● **WHAT IS EXPECTED**
Please output the records below in full, exactly as given, but without the images.

··· RECORD EXTRACTS

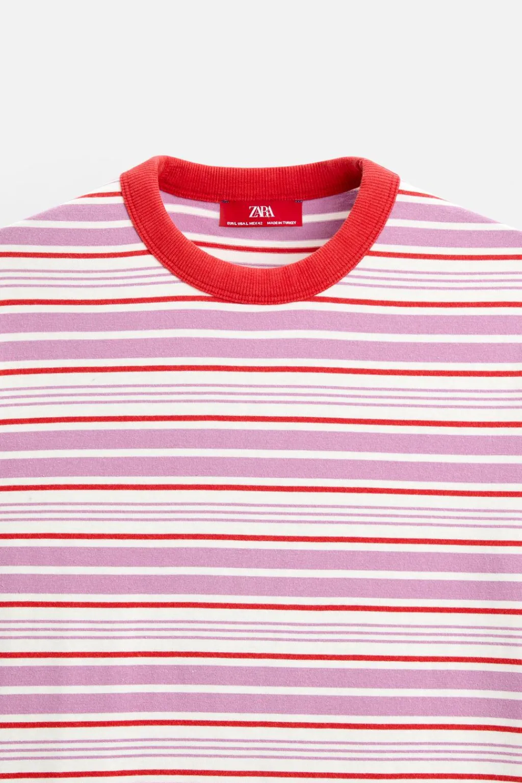 Camiseta cropped fit. Cuello redondo y manga larga. Efecto ligeramente lavado. Acabados en rib combinado a contraste.
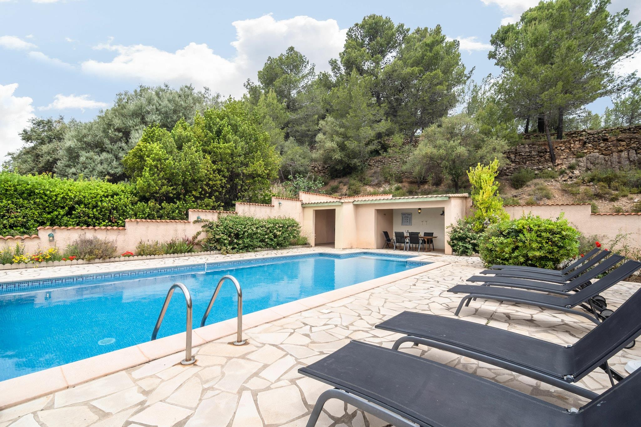 Beliggende på en bakketop i den charmerende vinlandsby Cébazan tilbyder Villa Impériale total privatliv og en betagende udsigt over vinmarker og et nærliggende naturreservat. Omgivet af 13.500 m² frodige haver fyldt med roser, oliventræer og palmer, har denne villa med tre soveværelser komfortabel plads til seks personer. Indenfor finder du airconditionerede rum, et fuldt udstyret køkken, en hyggelig opholdsstue med pejs og et badeværelse med både badekar og bruser. Kun 650 m væk er landsbyens bageri perfekt til friske morgenbaguetter, mens den livlige købstad Saint-Chinian ligger få minutter væk for shopping, vinsmagninger og spisning. Der er en charmerende restaurant med en hyggelig udendørs terrasse beliggende 10 minutters gang fra huset, hvor der serveres hjemmelavede retter, herunder dem, der tilberedes på trækulsgrillen. Tilbring solrige dage med at slappe af ved den 10×5 m private pool med trappe, eller slap af under den skyggefulde terrasse. Udendørskøkkenet - med grill og køleskab - gør udendørs måltider til en fornøjelse. Når aftenen falder på, kan du nippe til lokal vin under en stjerneklar himmel. Fra din dør fører markerede vandrestier gennem vinmarker og skove, ideelt for naturelskere. For de eventyrlystne kan du nyde mountainbiking, kanosejlads, golf eller en naturskøn bådtur langs Canal du Midi. Kæledyr er varmt velkomne her, med endeløse stier til lange gåture lige fra villaen. Nærliggende Saint-Chinian byder på kæledyrsvenlige udendørscaféer og markeder, hvor din firbenede ven kan deltage i fornøjelsen. Middelhavskysten, kun 30 minutter væk, byder på strækninger af sandstrande, der er perfekte til gåture langs havet med din hund, plus fiskerestauranter, hvor kæledyr kan slappe af ved din side.
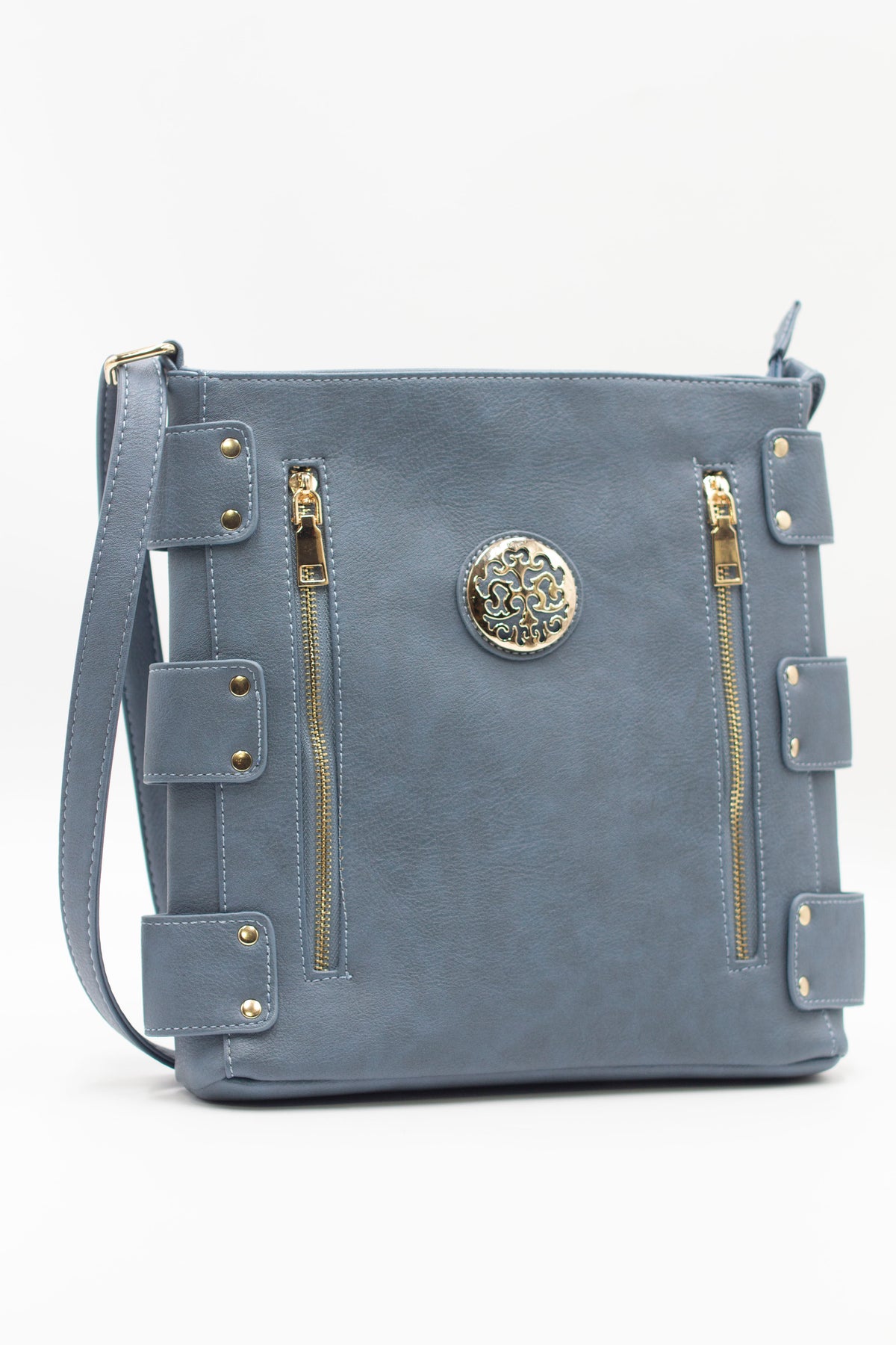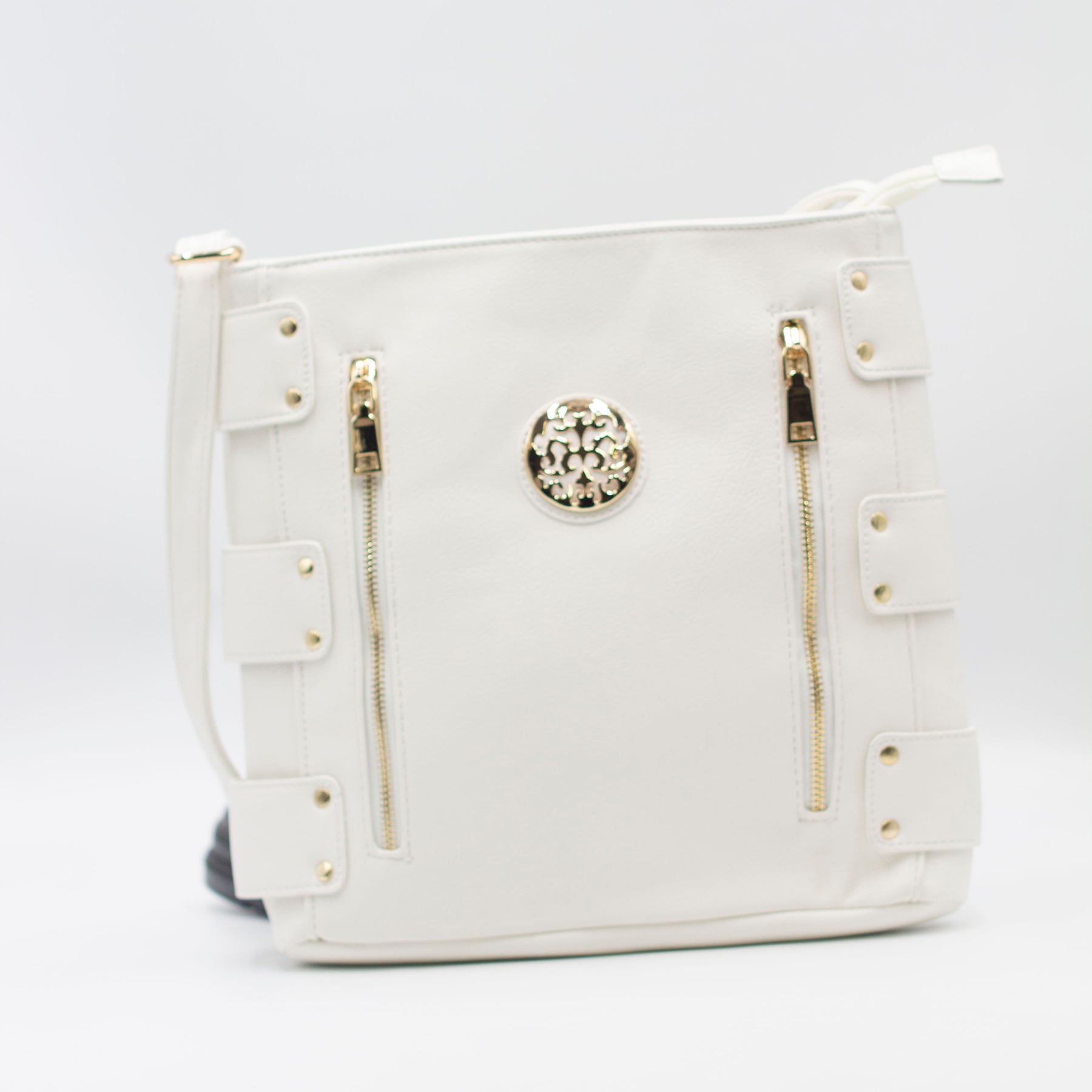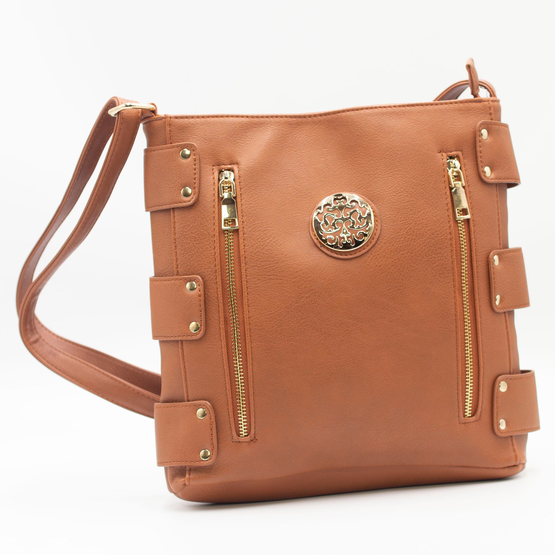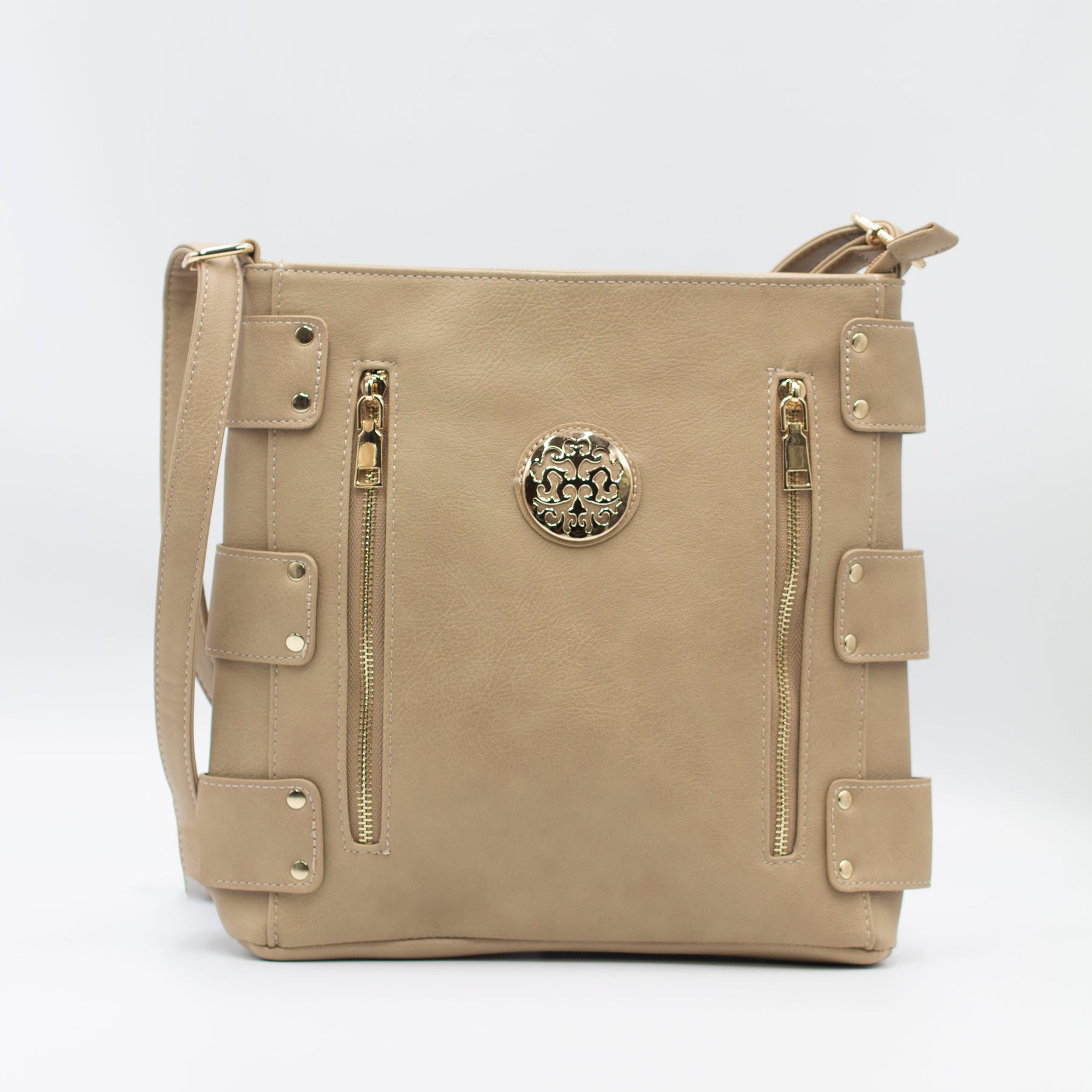 The SF217 - Regal Charm Shoulder Bag is a sophisticated blend of style and functionality, perfect for elevating your everyday look. With a structured design and high-quality material, this bag features two front zipper accents and unique side strap details, adding a touch of edginess. The eye-catching circular emblem on the front adds a subtle yet luxurious feel, while the gold-tone hardware gives it a polished finish.
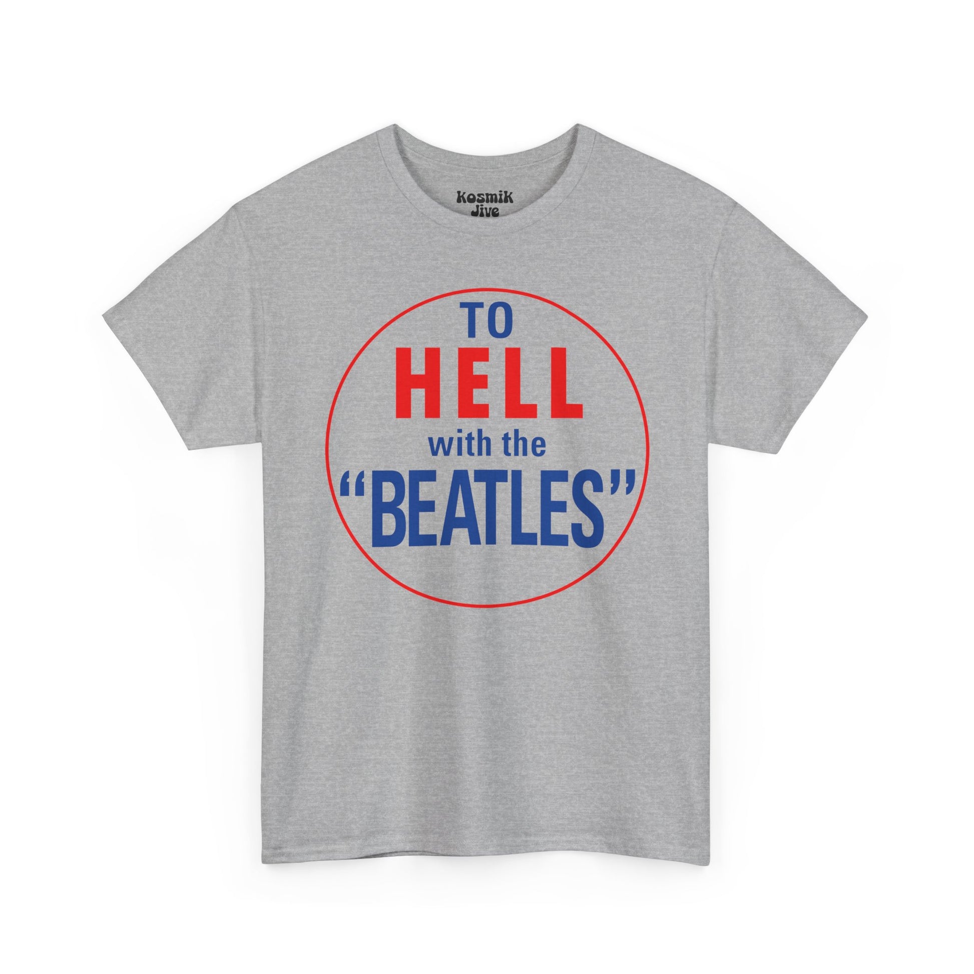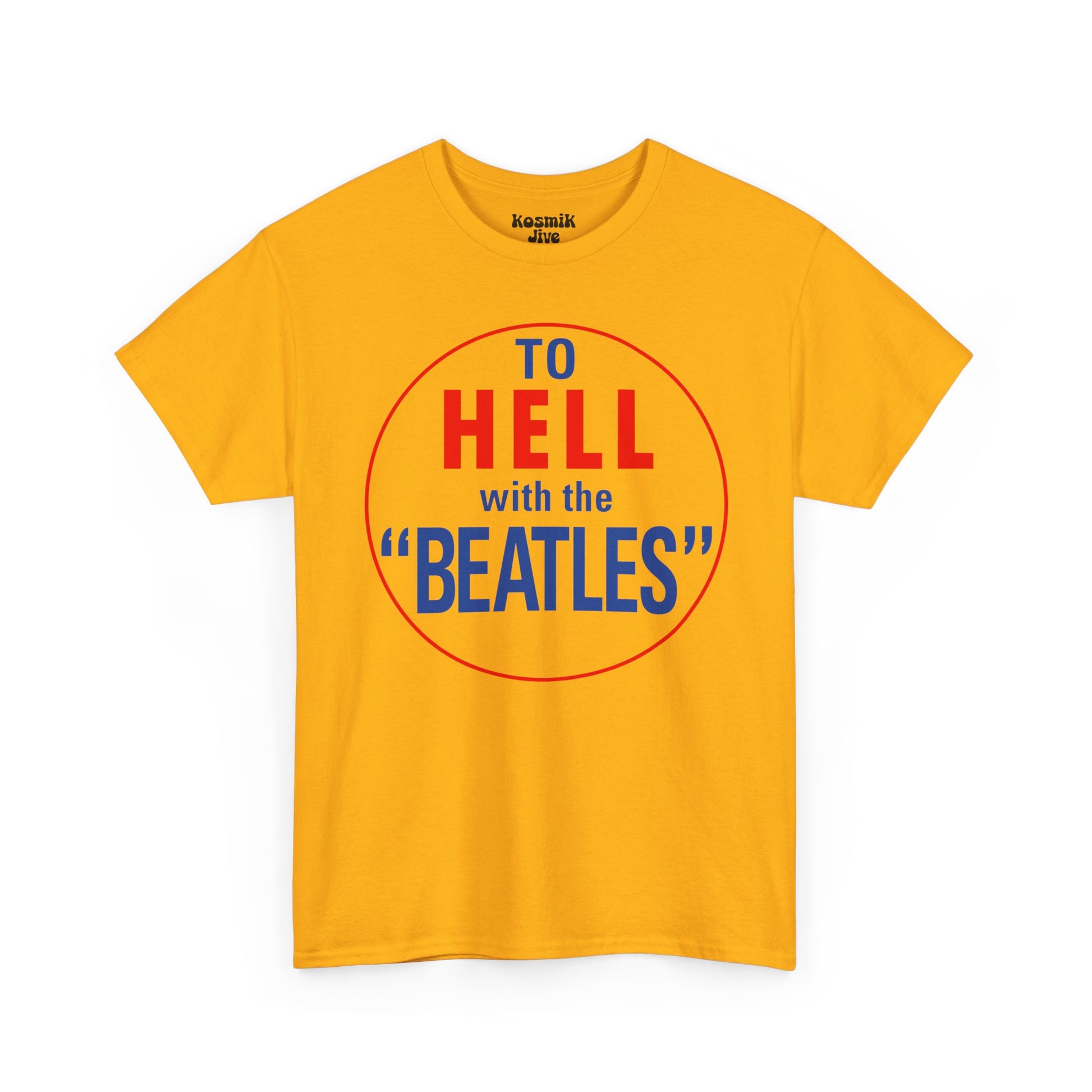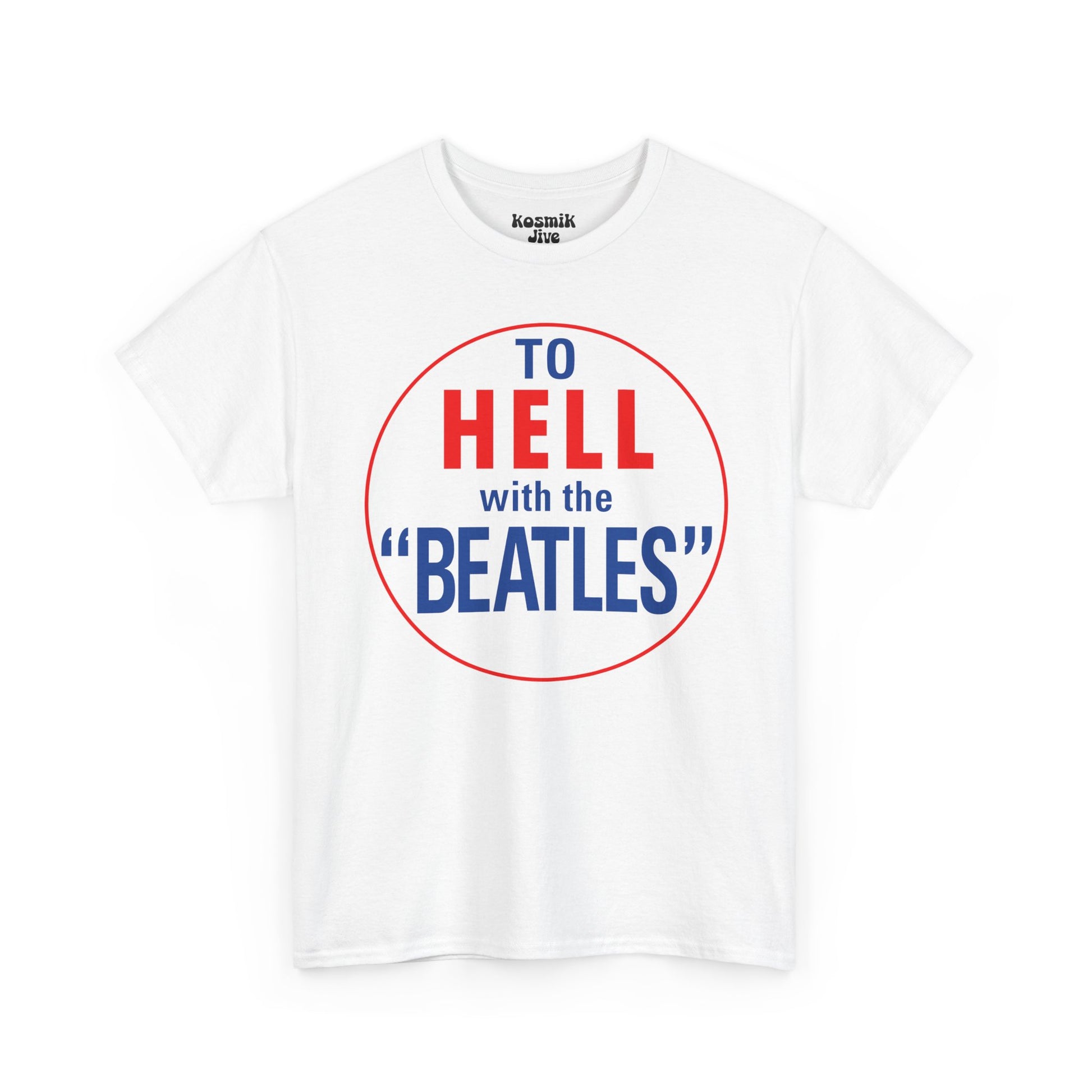 A playful remake of the anti-Beatles protest signs from the 1960s — reimagined here as a tongue-in-cheek piece of rock satire. With bold red-and-blue typography inside a vintage circle layout, this tee is perfect for collectors, humor lovers, and anyone who enjoys the cultural chaos surrounding Beatlemania.
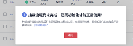 最后返回云硬盘EVS列表页面,此时云硬盘EVS状态为“正在挂载”,表示云硬盘EVS处于正在挂载至弹性云服务器ECS的过程中。当云硬盘EVS状态为“正在使用”时,表示挂载至弹性云服务器ECS成功,下一步进行初始化才能正常使用
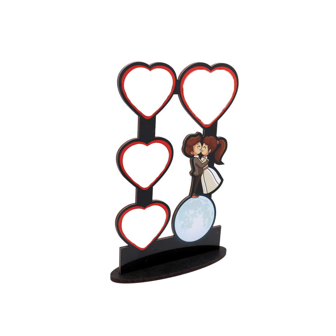 Display your love with this beautiful Wood Collage featuring two hearts intertwined. Made of high-quality 3mm thick wood, this collage is a perfect way to showcase your favorite couple photos. Measuring 6"x 8", it is a versatile size that can be hung on the wall or placed on a shelf. This collage makes a great gift for a special couple or a lovely addition to your own home decor.
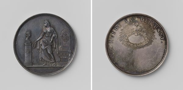 This is a commemorative coin, made of silver by Harald Conradsen to mark the death of Bertel Thorvaldsen, a renowned sculptor in Rome. Thorvaldsen's neoclassical style, inspired by classical antiquity, dominated European sculpture in the early 19th century. The coin presents two sides of his identity. On one side, a classical portrait of Thorvaldsen with the inscription "Albertus Thorvaldsen Danus Svlptor." His depiction recalls the heroic statuary of ancient Greece and Rome, aligning him with the artistic values of the classical world, while his Danish nationality is also proclaimed. The reverse shows a chariot pulled by four horses with a figure reminiscent of Pheme, the ancient Greek goddess of fame and renown. This coin tells us about the cultural institutions of the era and the cult of the artist. In death, Thorvaldsen's legacy was immortalized through institutional recognition. Such commemorative objects remind us that artistic greatness is not just about individual talent, but also about the social and cultural systems that elevate certain figures to iconic status. By exploring archives, letters, and critical reviews, we can understand the cultural context that gave rise to such commemorative practices and the enduring power of art to shape public memory.

······

● **ANSWER FOR THE TASK**
 Camiseta cropped fit. Cuello redondo y manga larga. Efecto ligeramente lavado. Acabados en rib combinado a contraste.
 Beliggende på en bakketop i den charmerende vinlandsby Cébazan tilbyder Villa Impériale total privatliv og en betagende udsigt over vinmarker og et nærliggende naturreservat. Omgivet af 13.500 m² frodige haver fyldt med roser, oliventræer og palmer, har denne villa med tre soveværelser komfortabel plads til seks personer. Indenfor finder du airconditionerede rum, et fuldt udstyret køkken, en hyggelig opholdsstue med pejs og et badeværelse med både badekar og bruser. Kun 650 m væk er landsbyens bageri perfekt til friske morgenbaguetter, mens den livlige købstad Saint-Chinian ligger få minutter væk for shopping, vinsmagninger og spisning. Der er en charmerende restaurant med en hyggelig udendørs terrasse beliggende 10 minutters gang fra huset, hvor der serveres hjemmelavede retter, herunder dem, der tilberedes på trækulsgrillen. Tilbring solrige dage med at slappe af ved den 10×5 m private pool med trappe, eller slap af under den skyggefulde terrasse. Udendørskøkkenet - med grill og køleskab - gør udendørs måltider til en fornøjelse. Når aftenen falder på, kan du nippe til lokal vin under en stjerneklar himmel. Fra din dør fører markerede vandrestier gennem vinmarker og skove, ideelt for naturelskere. For de eventyrlystne kan du nyde mountainbiking, kanosejlads, golf eller en naturskøn bådtur langs Canal du Midi. Kæledyr er varmt velkomne her, med endeløse stier til lange gåture lige fra villaen. Nærliggende Saint-Chinian byder på kæledyrsvenlige udendørscaféer og markeder, hvor din firbenede ven kan deltage i fornøjelsen. Middelhavskysten, kun 30 minutter væk, byder på strækninger af sandstrande, der er perfekte til gåture langs havet med din hund, plus fiskerestauranter, hvor kæledyr kan slappe af ved din side.
 The SF217 - Regal Charm Shoulder Bag is a sophisticated blend of style and functionality, perfect for elevating your everyday look. With a structured design and high-quality material, this bag features two front zipper accents and unique side strap details, adding a touch of edginess. The eye-catching circular emblem on the front adds a subtle yet luxurious feel, while the gold-tone hardware gives it a polished finish.
 A playful remake of the anti-Beatles protest signs from the 1960s — reimagined here as a tongue-in-cheek piece of rock satire. With bold red-and-blue typography inside a vintage circle layout, this tee is perfect for collectors, humor lovers, and anyone who enjoys the cultural chaos surrounding Beatlemania.
 最后返回云硬盘EVS列表页面,此时云硬盘EVS状态为“正在挂载”,表示云硬盘EVS处于正在挂载至弹性云服务器ECS的过程中。当云硬盘EVS状态为“正在使用”时,表示挂载至弹性云服务器ECS成功,下一步进行初始化才能正常使用
 Display your love with this beautiful Wood Collage featuring two hearts intertwined. Made of high-quality 3mm thick wood, this collage is a perfect way to showcase your favorite couple photos. Measuring 6"x 8", it is a versatile size that can be hung on the wall or placed on a shelf. This collage makes a great gift for a special couple or a lovely addition to your own home decor.
 This is a commemorative coin, made of silver by Harald Conradsen to mark the death of Bertel Thorvaldsen, a renowned sculptor in Rome. Thorvaldsen's neoclassical style, inspired by classical antiquity, dominated European sculpture in the early 19th century. The coin presents two sides of his identity. On one side, a classical portrait of Thorvaldsen with the inscription "Albertus Thorvaldsen Danus Svlptor." His depiction recalls the heroic statuary of ancient Greece and Rome, aligning him with the artistic values of the classical world, while his Danish nationality is also proclaimed. The reverse shows a chariot pulled by four horses with a figure reminiscent of Pheme, the ancient Greek goddess of fame and renown. This coin tells us about the cultural institutions of the era and the cult of the artist. In death, Thorvaldsen's legacy was immortalized through institutional recognition. Such commemorative objects remind us that artistic greatness is not just about individual talent, but also about the social and cultural systems that elevate certain figures to iconic status. By exploring archives, letters, and critical reviews, we can understand the cultural context that gave rise to such commemorative practices and the enduring power of art to shape public memory.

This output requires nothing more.